Stored records
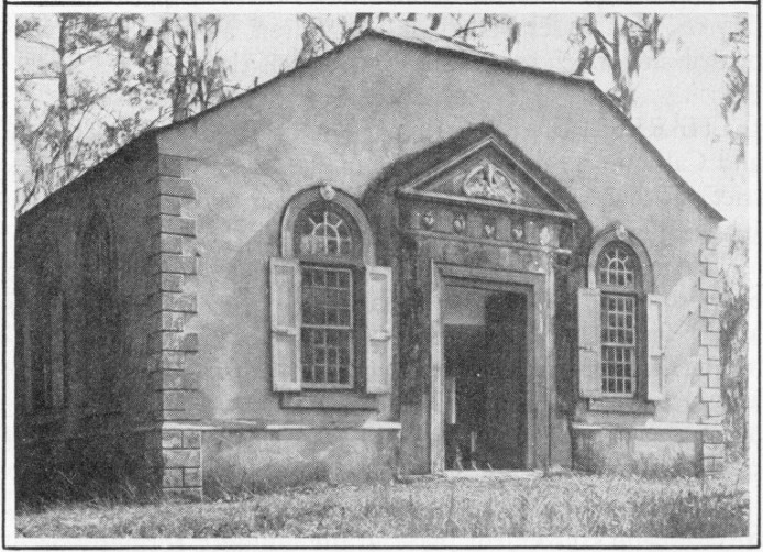 ST. JAMES, GOOSE CREEK, off the Coastal Highway: The British Royal Arms still stand in South Carolina! The British yoke was thrown off one hundred and sixty years ago, but in St. James Church, Goose Creek, sixteen miles from 34 the city hall of Charleston the Royal Arms have never come down! The ancient edifice stands in a tranquil woodland, quite near The Oaks, home of Arthur Middleton in early years. At the foot of the altar is a tomb with this inscription: “Here lyeth the body of the Reverend Francis Le Jau, Doctor in Divinity, of Trinity College, Dublin, who came to this Province October, 1706, and was one of the first missionaries sent by the honourable society to this Province, and was the first Rector of St. James, Goose Creek, Obijt. 15th September, 1717, ætat 52, to whose memory this stone is fixed by his only Son, Francis Le Jau.” In the records left by Dr. Le Jau is mentioned that he christened Indians. Four acres for the old parsonage were the gift of Arthur Middleton, and another pioneer gave the Glebe of one hundred acres. The cherubs in stucco over each of the keystones are famous and so is the pelican feeding her young, over the west door. Interesting memorial tablets have places. In the present day this picturesque and historic church is easily reached by automobile. Each year at Easter divine services are held in the church, the congregation invariably overflowing the building. The original church was built soon after Dr. Le Jau’s arrival.
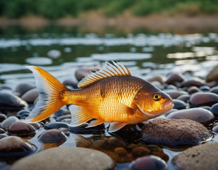 A picturesque river scene featuring vibrant goldfish swimming gracefully among lush greenery and smooth stones, illuminated by sunlight and reflected in clear water.
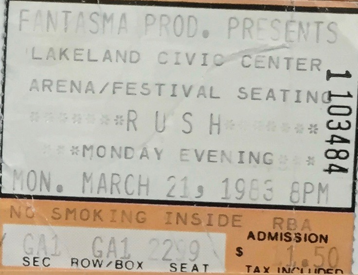 Rush with John Butcher Axis on 3-21-1983 at the Lakeland Civic Center Arena in Lakeland, Florida. Cost $11.50.
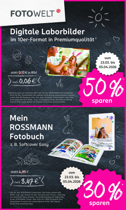 Bitte beachten Sie, dass dieser Text automatisch generiert wird und möglicherweise Fehler enthältNL FOTOWELT © aten IN Digitale Laborbilder im 10er-Format in Premiumqualität” Ca vom SE 23.03. bis 05.04.2026 statt 0,12€ je Bild 3 > Mu, Ô 06 € DEIN SEE LT EN ue tr COL SENTE ET TETE AT] INNEN TCT CTH PEP et 0% EU En A CE Cr Cor eee CRTC Te Auftragstasche (CD-ROM). Zzgl. Auftragspauschale einmalig je Auftrag 0,65 €, Preise inkl, MwSt. Der Rabatt-ist im Preis berücksichtigt. sparen Mein * Rte TUE Fotobuch se a" Ostern, z.B. Softcover Easy ed > # a N ” © D AN e WR CJ Ee ALES vom 23.03. bis € 05.04.2026 TE * Gilt für alle ROSSMANN Fotobücher. Die Preise gelten inkl MwSt. zzgl. ggf. Kosten für den Versand nach Hause. Lieferung nur innerhalb Deutschlands. Versandkostenfrei bei Abholung in der ROSSMANN Filiale. Gilt nicht für CEWE-Produkte. Das ist im Preis berücksichtigt. CT CENT A LN ET ed sparen
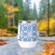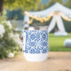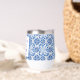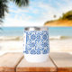 Portuguese tiles, blue, white and yellow pattern, rustic Azulejo, Mediterranean Bridal shower wine tumbler. Personalise it with your details.
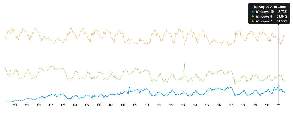 По аналогичному принципу устроена и статистика GoSquared, но только данные отображаются здесь не по итогам суток, а в режиме реального времени, при этом история сохраняется в виде графика со почасовой шкалой времени. Согласно этому графику, 20 августа доля «десятки» среди других операционных систем семейства Windows достигла пикового за период с 29 июля значения 15,7 %.
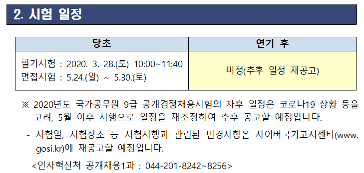 인사혁신처가 2020년도 국가공무원 9급 일정을 5월 이후로 연기한다고 합니다
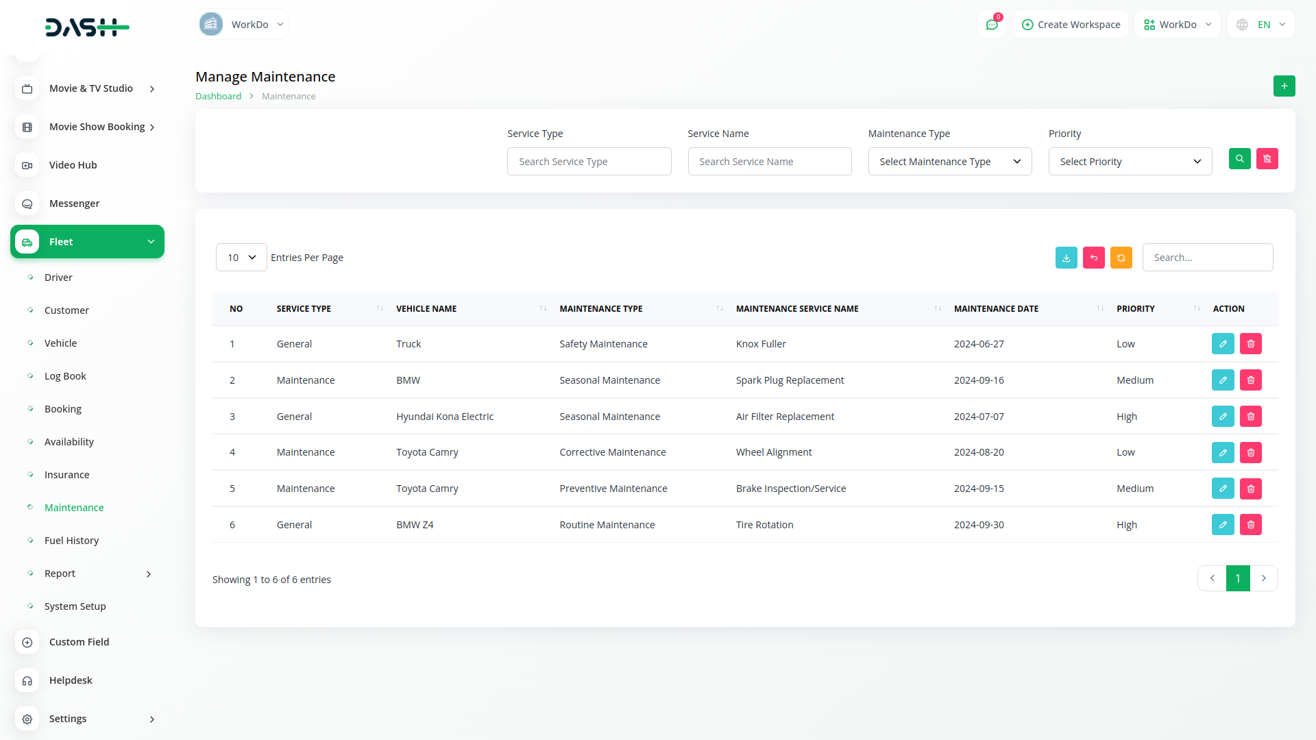 Fleet gives users deep insight into their maintenance needs with detailed Vehicle Bookings, Vehicles,Maintenance,insurance , dashboards

*Exercise description*: Copy all of the data above exactly. Leave out every picture.

*Answer box*:
 ST. JAMES, GOOSE CREEK, off the Coastal Highway: The British Royal Arms still stand in South Carolina! The British yoke was thrown off one hundred and sixty years ago, but in St. James Church, Goose Creek, sixteen miles from 34 the city hall of Charleston the Royal Arms have never come down! The ancient edifice stands in a tranquil woodland, quite near The Oaks, home of Arthur Middleton in early years. At the foot of the altar is a tomb with this inscription: “Here lyeth the body of the Reverend Francis Le Jau, Doctor in Divinity, of Trinity College, Dublin, who came to this Province October, 1706, and was one of the first missionaries sent by the honourable society to this Province, and was the first Rector of St. James, Goose Creek, Obijt. 15th September, 1717, ætat 52, to whose memory this stone is fixed by his only Son, Francis Le Jau.” In the records left by Dr. Le Jau is mentioned that he christened Indians. Four acres for the old parsonage were the gift of Arthur Middleton, and another pioneer gave the Glebe of one hundred acres. The cherubs in stucco over each of the keystones are famous and so is the pelican feeding her young, over the west door. Interesting memorial tablets have places. In the present day this picturesque and historic church is easily reached by automobile. Each year at Easter divine services are held in the church, the congregation invariably overflowing the building. The original church was built soon after Dr. Le Jau’s arrival.
 A picturesque river scene featuring vibrant goldfish swimming gracefully among lush greenery and smooth stones, illuminated by sunlight and reflected in clear water.
 Rush with John Butcher Axis on 3-21-1983 at the Lakeland Civic Center Arena in Lakeland, Florida. Cost $11.50.
 Bitte beachten Sie, dass dieser Text automatisch generiert wird und möglicherweise Fehler enthältNL FOTOWELT © aten IN Digitale Laborbilder im 10er-Format in Premiumqualität” Ca vom SE 23.03. bis 05.04.2026 statt 0,12€ je Bild 3 > Mu, Ô 06 € DEIN SEE LT EN ue tr COL SENTE ET TETE AT] INNEN TCT CTH PEP et 0% EU En A CE Cr Cor eee CRTC Te Auftragstasche (CD-ROM). Zzgl. Auftragspauschale einmalig je Auftrag 0,65 €, Preise inkl, MwSt. Der Rabatt-ist im Preis berücksichtigt. sparen Mein * Rte TUE Fotobuch se a" Ostern, z.B. Softcover Easy ed > # a N ” © D AN e WR CJ Ee ALES vom 23.03. bis € 05.04.2026 TE * Gilt für alle ROSSMANN Fotobücher. Die Preise gelten inkl MwSt. zzgl. ggf. Kosten für den Versand nach Hause. Lieferung nur innerhalb Deutschlands. Versandkostenfrei bei Abholung in der ROSSMANN Filiale. Gilt nicht für CEWE-Produkte. Das ist im Preis berücksichtigt. CT CENT A LN ET ed sparen
 Portuguese tiles, blue, white and yellow pattern, rustic Azulejo, Mediterranean Bridal shower wine tumbler. Personalise it with your details.
 По аналогичному принципу устроена и статистика GoSquared, но только данные отображаются здесь не по итогам суток, а в режиме реального времени, при этом история сохраняется в виде графика со почасовой шкалой времени. Согласно этому графику, 20 августа доля «десятки» среди других операционных систем семейства Windows достигла пикового за период с 29 июля значения 15,7 %.
 인사혁신처가 2020년도 국가공무원 9급 일정을 5월 이후로 연기한다고 합니다
 Fleet gives users deep insight into their maintenance needs with detailed Vehicle Bookings, Vehicles,Maintenance,insurance , dashboards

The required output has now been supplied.